In daily development, developers often need to process URLs containing Chinese parameters. Since Chinese characters cannot be used directly in the URL, they must be encoded, otherwise it may lead to parsing errors or request failures. PHP provides multiple URL-related functions, where parse_url is used to parse URLs, and urlencode is used to URL encode strings. How to correctly combine these two functions has become the key to processing Chinese parameters.
This article will use an example to explain how to use parse_url and urlencode to correctly process URLs containing Chinese parameters.
Suppose we have a URL:
https://gitbox.net/search?q=test&lang=zh
The query parameters in this URL contain the Chinese "test". If we pass this URL directly to some interfaces, the recognition may fail due to unencoding.
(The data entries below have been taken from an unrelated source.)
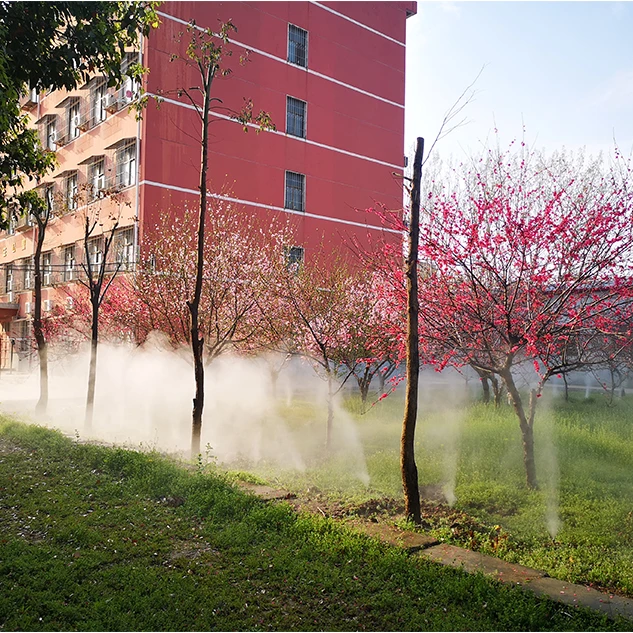 海雾森系统是河南省海雾公司自主开发的高科技环保产品,是公司将高压细水雾技术应用到环保领域研发的新一代环保产品。它是以高压细水雾技术为核心,以水为介质,利用系统主机产生高压水流,通过不锈钢高压管路由特制喷嘴喷出超细粒径水雾的智能系统。该产品功能多,节能高效,应用范围广,是目前大气环境治理、局部环境净化及园林景观设计提升的理想产品。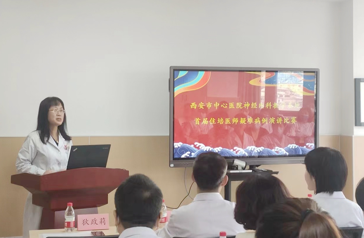 91论坛 神经内科狄政莉主任首先对莅临比赛现场的李建英院长、医联体医院冯昕主任、马迎主任表示热烈的欢迎。作为陕西省临床重点专科和西安市医学重点学科,中心医院神经内科一直重视医、教、研的协同发展,尤其在教学上积极向大学直属附属医院看齐。经过这些年的发展,培养了数十名专硕研究生和住培医师,这些学员毕业后通过自己所学,在各大医院施展自己,造福一方人民。病例比赛能够锻炼年轻医师的临床思维,演讲可以提升人的舞台展示能力,对在读的学员的临床能力提升及未来求职面试都有着积极意义。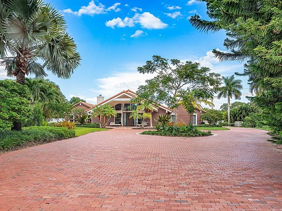 Contemporary Boca Raton Masterpiece with private 82-foot Olympic-like Heated Saltwater Pool and Spa and Impressive Decorative Stone Courtyard with Waterfall Features Throughout. A Tiki-Hut lounge-area and massive backyard complete the property. Welcome to a realm of unparalleled luxury at 6641 Giralda Circle in central Boca, a stunning 5-bedroom, 6.5-bathroom newly renovated and expanded from 2022-2023 on an incredible 1.55 acre lot with the finest craftsmanship and imported finishes throughout. Sleek lines and bespoke European finishes permeate every inch of this captivating single-story, 5,990-square-foot under-air residence with 8,146 total square-feet. Ornate A-frame ceiling details add a unique warm grandeur with custom wood and stone wall coverings that infuse warmth and style into the living spaces. The home was designed for grand entertaining - a bar with its own fridge, sink and ice machine, expansive flow between indoor and outdoor areas, and an open layout that can easily accommodate over 100 guests in comfort and style. A stunning statement, the 8-foot-tall pivot front-entry door, locally crafted from steel and glass to provide a grand yet minimalist entrance enhancing security and peace of mind. An airy foyer with sublime exposed architectural, white-washed wood-beams provides an awe-inspiring living area with volume vaulted ceilings, breathtaking decorative walls with a linear fireplace, additional cabinetry space, full bar complete with chandeliers. The open kitchen and dining area flows onto a private outdoor space overlooking the courtyard, waterfalls, and pool. Elegant and expansive, designed for both relaxation and entertainment. The kitchen was crafted entirely in Porcelain, both the countertops and backsplash are heat-resistant, non-porous, and virtually indestructible. The surfaces are elegant yet highly functional - a combination of sleek Italian design and bulletproof durability. The kitchen has an eat-in peninsula, custom Italian cabinetry, and high-end appliances such as Wolf and Sub-zero. Every surface flows effortlessly, with the design emphasizing minimalism, precision, and harmony between function and form. All kitchen and service-area appliances are top-tier European brands, fully integrated into the cabinetry creating a completely streamlined and sophisticated look to maintain a sleek aesthetic. The adjacent media or club room has gorgeous finished walls, a flat-screen TV and open cabinet shelving for the library touch. The library and all closets throughout the home were custom fabricated in the United States designed and detailed by J.Mark Interiors for both visual impact and long-term performance. Art and decor was personally curated by J. MARK Interiors, sourced from international galleries and bespoke artisans to create a layered, collected feel - refined yet deeply personal. All window treatments are custom-made by J.Mark workrooms, with fabrics flown in from Italy. The designs combine functionality with soft elegance, enhancing the home's architectural lines. The closets and the living and dining millwork were custom-made in Portugal, where artisanal woodworking traditions meet modern precision. Every piece was handcrafted, finished to perfection, and shipped to the U.S. exclusively for this residence. Every fabric and wall covering in the home was imported from Romo Fabrics and Wallpapers in Italy, known for their couture-quality textures and exceptional craftsmanship. Each selection was made to enhance the mood of the space, using rich weaves, silks, and refined patterns that bring warmth and depth to every room. The main office walls are finished in genuine mother-of-pearl, individually hand-applied to catch the light and create a subtle, iridescent glow - a true statement of sophistication. The oversized primary suite features a large encompassing open walk-in closet complete with multiple safes for His and Hers. Impressive Master bedroom facing the courtyard includes a retractable flat-screen television that opens from the ceiling. Full His and Her bathrooms, each one with its own identity and design. Her bathroom features a smart toilet and a tiled ceiling, bringing spa-like refinement into everyday living. The master bathroom is graced with warm and soothing stone accents, and a two-person walk-in shower. All secondary bedrooms have ample closet space and full en-suite bathrooms with Italian cabinetry. Each vanity was custom-made locally, designed to complement the architectural language of the house, with precise attention to proportion and material detailing. Every fixture and surface was selected for both comfort and style. The lighting program combines architectural lighting from Italy with carefully curated decorative pieces. The balance of function and ambience was a key design element - every fixture was chosen for both its beauty and quality of light. Custom solid-core doors, locally made in the United States, selected for soundproofing, proportion, and a clean, substantial feel. Porcelain tile floors throughout for a clean aesthetic, durability, and practicality that require no polishing or maintenance and maintains its finish indefinitely. The tones and layout were selected to create a seamless, timeless foundation throughout the home. The cedar closet constructed entirely of solid cedar, provides natural preservation and a rich, warm scent - both functional and beautifully luxurious. Large laundry room with a washer and dryer, sink-tub for convenience and additional storage space. Home has a complete Vitrea Smart Home system with glass plates, each one customized to the specific light point for effortless access and control. It's an ultra-modern, luxury-grade automation system that manages lighting, HVAC, and shading with precision and elegance; residents have seamless remote control of mood adjustable cove lighting, security alarm system, pool and spa, and audio-visual systems through two in-wall touch-screen pads. Full Cat 6 wiri

If you use urlencode to encode the entire URL in full, it will cause structural confusion, such as colons, slashes, question marks, etc., which are also incorrectly encoded.
So we need to encode the "value" exactly, not the entire URL.
First, we use parse_url to decompose the various components of the URL:
$url = 'https://gitbox.net/search?q=test&lang=zh';
$parsed = parse_url($url);
print_r($parsed);
The output result is as follows:
Array
(
[scheme] => https
[host] => gitbox.net
[path] => /search
[query] => q=test&lang=zh
)
Through this parsing result, we can get the original query string, but note that the query here is an unprocessed original form.
We can use parse_str to convert the query part into an associative array and then encode the value:
parse_str($parsed['query'], $queryParams);
foreach ($queryParams as $key => $value) {
$queryParams[$key] = urlencode($value);
}
Now, each value in $queryParams is correctly encoded into a URL secure format.
Next, we need to re-stitch these parameters into a query string:
$encodedQuery = http_build_query($queryParams);
This generates the following string:
q=%E6%B5%8B%E8%AF%95&lang=zh
Note: When encoding the value http_build_query , by default, converts the space to a plus sign ( + ). If you want the space to be represented by %20 , you can add a second parameter:
$encodedQuery = http_build_query($queryParams, '', '&', PHP_QUERY_RFC3986);
Finally, we re-stitch the processed parts into a complete URL:
$finalUrl = $parsed['scheme'] . '://' . $parsed['host'] . $parsed['path'] . '?' . $encodedQuery;
echo $finalUrl;
The output result is:
https://gitbox.net/search?q=%E6%B5%8B%E8%AF%95&lang=zh
The Chinese parameters in this URL are now encoded securely and are suitable for any browser or HTTP request library.
For convenience of reuse, the above logic can be encapsulated into a function:
function encodeUrlQuery($url) {
$parsed = parse_url($url);
if (!isset($parsed['query'])) {
return $url;
}
parse_str($parsed['query'], $queryParams);
foreach ($queryParams as $key => $value) {
$queryParams[$key] = urlencode($value);
}
$encodedQuery = http_build_query($queryParams, '', '&', PHP_QUERY_RFC3986);
$result = $parsed['scheme'] . '://' . $parsed['host'];
if (isset($parsed['path'])) {
$result .= $parsed['path'];
}
$result .= '?' . $encodedQuery;
return $result;
}
How to use:
$url = 'https://gitbox.net/search?q=test&lang=zh';
echo encodeUrlQuery($url);
Output:
https://gitbox.net/search?q=%E6%B5%8B%E8%AF%95&lang=zh
When processing URLs containing Chinese parameters in PHP, you cannot use urlencode directly for the entire URL, but should:
Use parse_url to tear the URL;
Use parse_str to separate the query part;
Use urlencode encoding for each parameter value;
Reconstruct query using http_build_query ;
Spliced into a complete URL.
This method not only retains the URL structure, but also ensures the correct encoding of parameters, avoiding problems caused by Chinese characters.